L’Amérique latine et les Caraïbes figurent parmi les régions les plus violentes au monde. On y répertorie de 20 à 160 homicides par 100 000 habitants par année, en fonction du pays et de la région, alors que ce taux était de 1,95 au Canada en 2020. En réaction à cette flambée, des partenariats entre États, entreprises et citoyens ont vu le jour, pavant ainsi la voie à des programmes participatifs censés favoriser le développement et la sécurité. Dans les faits, peu de citoyens s’impliquent toutefois dans ces initiatives locales. Tina Hilgers, professeure au Département de science politique de l’Université Concordia, veut savoir pourquoi.

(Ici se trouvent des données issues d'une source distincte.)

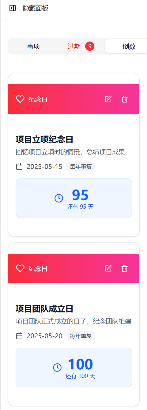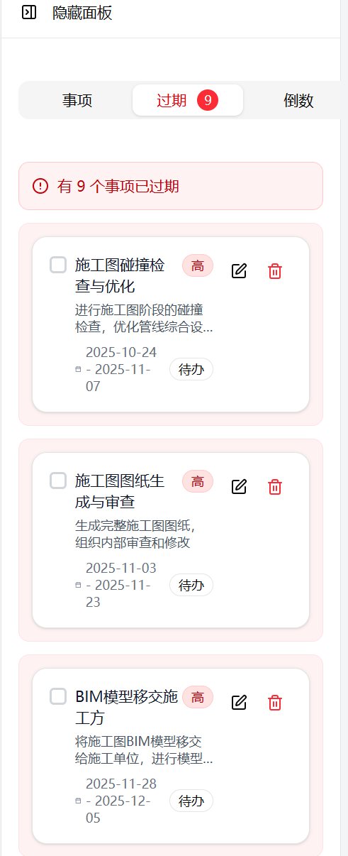 我还在日历里设置了倒数日提醒,项目的主体结构封顶、和老婆的结婚纪念日,还有老妈的农历生日,都设置了每年重复,日历格子里会自动显示紫色标签,不用特意翻列表,扫一眼日历就知道还有多少天。最贴心的是过期事项提醒,只要是待办任务过了截止日期,就会用红色背景标出来,还会单独放在一个专属 Tab 里,右上角标着过期数量,上次我差点漏了 “模型移交” 这个重要任务,打开日历一眼就看到红色的提醒,赶紧安排了时间,再也不会因为漏任务被老板点名了。

Dans les dernières années, la chercheuse s’est rendue à plusieurs reprises à Vila Floriana (nom fictif), une favela de 100 000 personnes d’une grande métropole du Brésil. À la faveur de ce travail de terrain au long cours, elle a tissé des relations avec de nombreux résidents de cette communauté marginalisée. Au fil de conversations ouvertes tenues sur place, de suivis réalisés à distance par l’entremise de l’application WhatsApp, puis d’entrevues formelles, elle a ainsi pu mieux comprendre les dynamiques qui freinent la participation aux programmes participatifs.
Il se trouve que les lignes d’action des politiciens et des bureaucrates prennent le pas sur les besoins et les demandes des résidents des communautés marginalisées, sapant la participation citoyenne. Par ailleurs, la structure de la communauté, où le pouvoir et les ressources ont tendance à être centralisés dans les mains d’organisations de la société civile, de groupes privés à but lucratif et même de groupes criminels, dissuade les résidents de s’impliquer et perpétue le cycle de l’insécurité. Grâce à ses accès privilégiés, Tina Hilgers favorise désormais la réalisation d’autres recherches scientifiques à caractère social dans les favelas brésiliennes.